Platform-specific suspend/resume code in drivers

Alan Stern stern at rowland.harvard.edu
Tue Jun 7 08:06:50 PDT 2016


On Tue, 7 Jun 2016, Mason wrote:

> Hello everyone,
> 
> I want to implement system-wide suspend-to-RAM on my platform
> (an ARM Cortex A9 based SoC).
> 
> I'm hoping some of you can clear some of my confusion :-(
> 
> AFAIU, what happens to the hardware in the suspended state is
> very board/platform specific. The SoC may stop some clocks;
> it may even cut the power to some parts of the chip.
> 
> AFAIU, once power is cut, the value of internal and visible
> registers (called "state" or "context" IIUC) is lost.
> 
> Therefore, each driver is supposed to either
> 
> 1) save context on suspend & restore it on resume, or
> 2) re-initialize the device on resume (if context is unimportant)
> 
> Is that correct?

Yes.

> (Note: Kevin Hilman mentioned using a feature called "regmap" to
> help in saving/restoring context.)
> 
> Documentation/power/devices.txt mentions putting such save/restore
> code in suspend_late/resume_early callbacks. Is that the preferred
> solution today?

It depends on the device's requirements.  If you require interrupts to
be enabled while you do the save/restore then you can't use
suspend_late/resume_early; you have to use suspend/resume.

> Should these routines be guarded by #ifdef CONFIG_PM or #ifdef CONFIG_SUSPEND ?

CONFIG_SUSPEND.

> Another point of confusion for me is this: drivers are supposed to
> be shared among platforms, right? So my platform-specific suspend
> code should be enabled only if my platform is detected at run-time?

Is your device platform-specific?  If it is then the driver is also
platform-specific, and so no part of the driver will be called at
runtime unless your platform is detected.
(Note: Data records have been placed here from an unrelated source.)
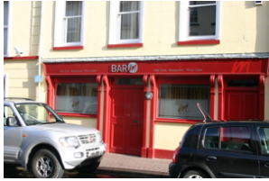
The "B-M" where Enniskillen Methodist church has convened "gospel meetings"

The following article appeared in "The Impartial Reporter", a County Fermanagh weekly newspaper, of September 22nd.
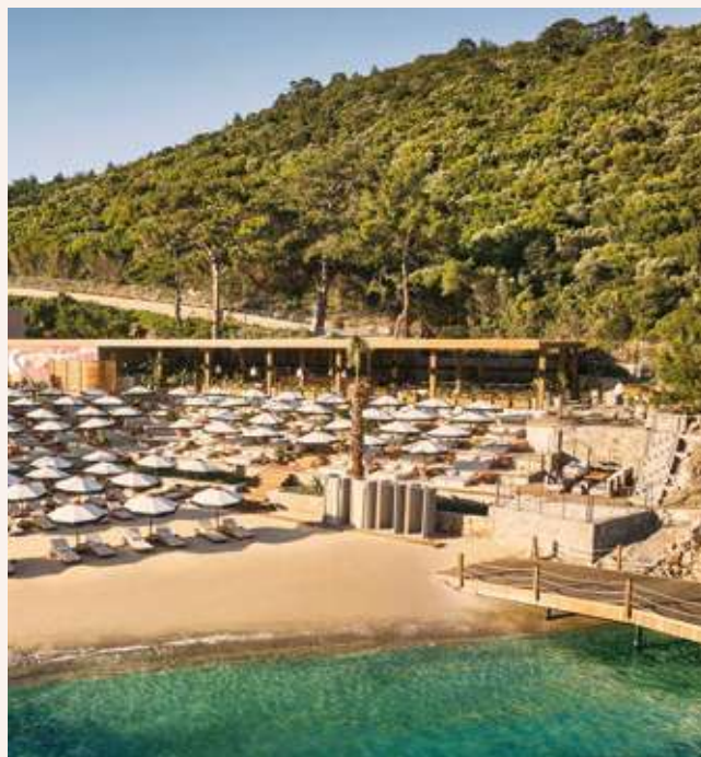
Golden sand beach
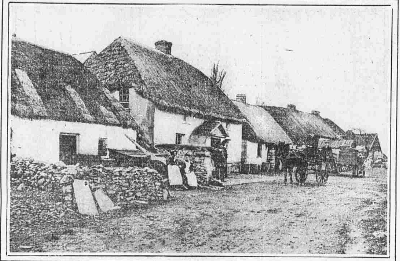
A BIT OF IRELAND THAT THE POETS LOVE Tara village, in County Meath
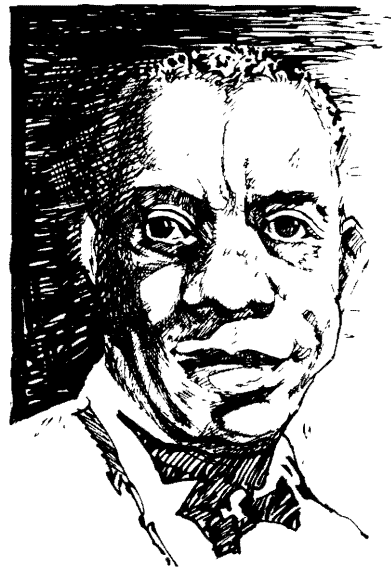
It was Baldwin who wrote in No Name in the Street (Dial Press, 1972, pp. 191-192):

Like bread cast upon the waters, they are coming back—Huey Newton, Eldridge Cleaver and now James Baldwin.
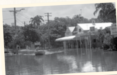
Dinghy travelling down Baroona Rd, Rosalie, 2011 Floods

On 4 February 1893 the first of the three flood events heavily impacted the residents of Rosalie, washing away many homes and possessions. Then on 13 and 19 February residents were forced to endure more devastation as further flooding swept through the area. 'Red Jacket Swamp' was one of the first places in Brisbane to fill with floodwaters that quickly flowed over Baroona Road and into Nash Street.
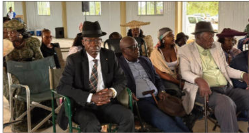
Terugkerendes van Botswana vergader by Gam en berei voor vir hul hervestiging na permanente by Otjipahewa.
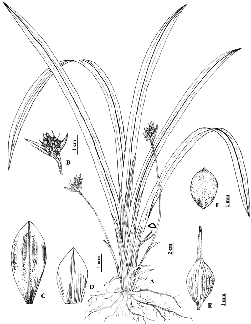
Fig. 1. Carex arisanensis subsp. ruianensis (from the holotype, drawn by Hong Wang). — A: Habit. — B: Inflorescence. — C: Staminate glume. — D: Pistillate glume. — E: Perigynium. — F: Achene.

long, shortly 2-toothed at orifice. Achenes tightly enveloped, obovoid, trigonous, fulvous, 3–3.5 mm long, truncate at apex, short-stipitate at base. Styles not thickened at base. Stigmas 3. Flowering and fruiting in April–May.
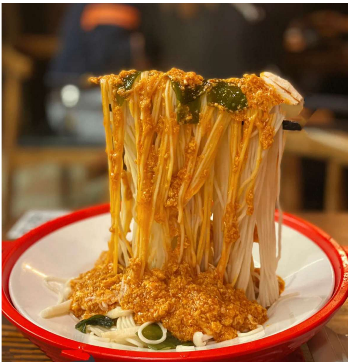
网红蟹肉皇捞面 Crab Meat Lomein
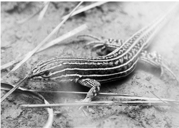
Fig. 6: Kentropyx vanzoi in grassland at Barba Azul Nature Reserve, Yacuma Province, El Beni, Bolivia Kentropyx vanzoi im Grasland des Barba Azul Naturreservates, Yacuma Provinz, El Beni, Bolivien Kentropyx vanzoi dans les prairies de la Réserve naturelle de Barba Azul, Province de Yacuma, El Beni, Bolivie Photo: R. LANGSTROTH, October 2009

Widespread Cerrado ( Chrysocyon brachyurus , Kunsia tomentosus ), grassland ( Blastocerus dichotomus , Euphractus sexcinctus , Ozotoceros bezoarticus ), and habitat generalists ( Hydrochoeris hydrochaeris , Panthera onca , Puma concolor , Tapirus terrestris , Tayassu pecari ) are present. Cryptonanus unduaviensis is a micro-marsupial known only from wooded termite mound islands of the flooded savannas of the Llanos de Moxos and the Huanchaca region (VOSS et al. 2005). The rat Hylaeamys acritus is known only from the savannas of the Beni and Santa Cruz departments of Bolivia (EMMONS & PATTON 2005). The rats Juscelynomyx guaporensis and J. huanchacae were described from the Huanchaca savannas (EMMONS 1999) but are also in the Iténez savannas. In contrast to the Cerrado ties of the above, an unnamed clade of Calomys endemic to the Beni is most closely related to C. fecundus from the Subandean Chaco, not C. callosus of the Cerrados and Chiquitanía (ALMEIDA et al. 2007).

If the device isn't platform-specific then the driver has to work on a 
bunch of different platforms.  It should be written to be 
platform-independent as much as possible.

> So this means I need to add in the probe function, for every driver
> my platform uses:
> 
>   if (platform == MY_PLATFORM) {
>     ops.suspend = my_suspend;
>     ops.resume  = my_resume;
>   }
> 
> Is that correct?

No.  For one thing, you only have to worry about the 
platform-independent drivers -- you know that the platform-specific 
ones won't get used unless your platform is present.

For another, the driver should be written in a way that doesn't require
this sort of code.  The ops pointer (not any of the structure's members
-- a pointer to the structure) should be set by the platform-dependent
part of the driver that handles initialization.

> While I'm listing the points I don't understand... It seems Linux
> handles suspend/resume "transparently". I mean the CPU calls all
> the functions leading to the suspend action, then when the system
> comes back online, it continues at the next instruction, as if
> nothing had happened. So the stack and registers need to be exactly
> in the same state.
> 
> But on my system, the firmware expects a return address for *where*
> to return on resume. Should I pass it the next instruction pointer?
> The address of the resume function?

You should pass it the address of a function you write, one that will 
clean things up and jump into the normal system resume code.